Prior to being elected governor, he lost multiple elections, including state and U.S. senate races.

After retiring from government service in 1977, he returned to private law practice. He was also a lobbyist and chaired several political campaigns.

Although he was a member of The Church of Jesus Christ of Latter-day Saints, he didn’t always adhere to the precepts. For an example, the Deseret News noted that “more than one reporter found Rampton in private enjoying a large cigar.”[1] He taught Sunday School at one time and was Scoutmaster, a calling extended at one time through a ward bishop.

“He joined the Utah National Guard as an enlisted man in 1932. He rose through the ranks, becoming a sergeant and then a first lieutenant in 1937. When World War II broke out he was called up and glad to serve. But he'd had a severe case of pneumonia as a freshman in college — he nearly died — and somehow his Army medical records were mixed up with those of a man who had a bad heart. After only several months of active duty, Rampton was shipped home as too ill to serve, Army doctors stubbornly refused to admit they had the wrong records. It took Rampton nearly a year of writing letters to Army officials to get the matter straightened out. He was finally appointed to the Judge Advocate's office in the Army. He went into active duty in January 1942, shipped to Europe in 1944. After the war he served in the U.S. Army Claims Commission in Paris. He left as a major.”[2]

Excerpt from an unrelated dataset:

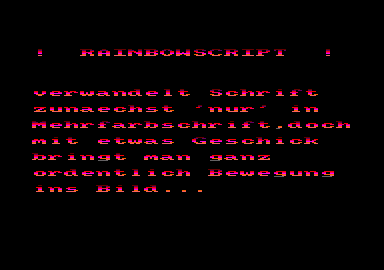 Farbige Zeiten Bunte Texte in Regenbogenfarben Rainbowscript ist ein Programm zum Verschönern von Texten, wie zum Beispiel einer Anleitung oder eines Vorspanns. Dabei wird aus einer normalen Schrift eine 'Regenbogenschriff gemacht, die durch Farbwechsel auch animiert werden kann. Das Programm arbeitet nach einer einfachen Methode und ist daher auch relativ kurz: Der gesamte Bildschirm wird (pixel-) zeilenweise nach gesetzten Punkten durchsucht. Alle gesetzten Punkte innerhalb einer Zeile werden mit derselben Farbe versehen. Anschließend wird die nächste Zeile durchsucht und alle gesetzten Punkte mit der nächsten Farbe versehen. In MODE 0 werden dabei immer wieder die Farben 8-1 durchlaufen, in MODE 1 die Farben 3-1. Das Programm ist sowohl für MODE 0 als auch für MODE 1 ausgelegt und paßt die Anzahl der Farben automatisch an. ln MODE 1 dauert die Umfärbung allerdings etwas länger, da die Auflösung und damit auch die Anzahl der zu überprüfenden Punkte höher ist. Tja. werden Sie sagen, das ist ja alles schön und gut. aber wie sieht es aus, wenn auch noch Grafik auf dem Bildschirm ist? Und genau das ist der springende Punkt. Die Grafik würde natürlich auch streifenartig eingefärbt (sieht übrigens manchmal ganz hübsch aus). Hierfür gibt es einige Lösungsmöglichkeiten. Entweder Sie bringen erst den Text auf den Bildschirm, rufen dann die Assemblerroutine auf und zeichnen anschließend die Grafik auf den Bildschirm, oder Sie lassen die Grafik ganz weg. Eine dritte Möglichkeit wäre, das Maschinenprogramm so umzuschreiben, daß nur ein Teil des Bildschirms neu eingefärbt wird. Doch darauf jetzt näher einzugehen, würde den Rahmen des Beitrags sprengen. Da das Programm nach einer einfachen, aber schwierig durchzuführenden Methode arbeitet, ist die Umfärbung nicht gerade als rasant zu bezeichnen (dafür ist das Programm kurz). Diese Zeit läßt sich jedoch mit interessanten Einblend-Effekten überbrücken. Solche und auch andere Anwendungsbeispiele werden im Demonsirationsprogramm vorgeführt, das allerdings nur einige der vielfältigen Möglichkeiten von RAINBOWSCRIPT aufzeigen kann. Zum Abtippen: Zunächst müssen Sie das Programm RAINBOWSCRIPT abtippen und speichern. Anschließend starten Sie es, und wenn Sie alles richtig abgetippt haben, dann müßte das Programm RAINBOW.MC erzeugt beziehungsweise abgespeichert werden. Danach sollten Sie noch das Demonstrationsprogramm abtippen und speichern. Sie werden erstaunt sein, was für Effekte ein so kurzes Programm in Verbindung mit RAINBOWSCRIPT zustande bringt. (Das Programm stoppt an zwei Stellen - zum Fortfahren drücken Sic bitte jeweils die ENTER-Taste.) Wenn Sie RAINBOWSCRIPT in eigenen Programmen verwenden wollen, gehen Sie bitte wie folgt vor: Zunächst müssen Sie den Speicher mit MEMORY &9FFFschützen. Anschließend laden Sie das Programm mitLOAD"RAINBOW.MC",&A007.Das Programm kann jetzt jederzeit mit CALL &A007 aufgerufen werden, wobei die Farbwahl entscheidend zur Lesbarkeit beiträgt. Die Speicherstellen &A000-&A007 werden zur Verwaltung von Daten benötigt. Es ist übrigens nicht ratsam, das Programm aus MODE 2 aufzurufen, denn eine Regenbogenschrift aus einer Farbe (?!) sieht etwas ... am besten Sie schauen es selbst an.

He served on many boards and was named “Outstanding Public Administrator in Utah” by Brigham Young University. He and his wife, Lucybeth, were honored by the National Conference of Christians and Jews with a “Brotherhood” award.

Rampton wrote an autobiography, As I Recall. He held degrees from the University of Utah, George Washington University.

He was born on November 6, 1913, in Bountiful, Utah, and died on September 2007. He was married to Lucybeth Cardon—a granddaughter of the late Anthony W. Ivins, a former member of the First Presidency of the Church of Jesus Christ—and they were the parents of four children.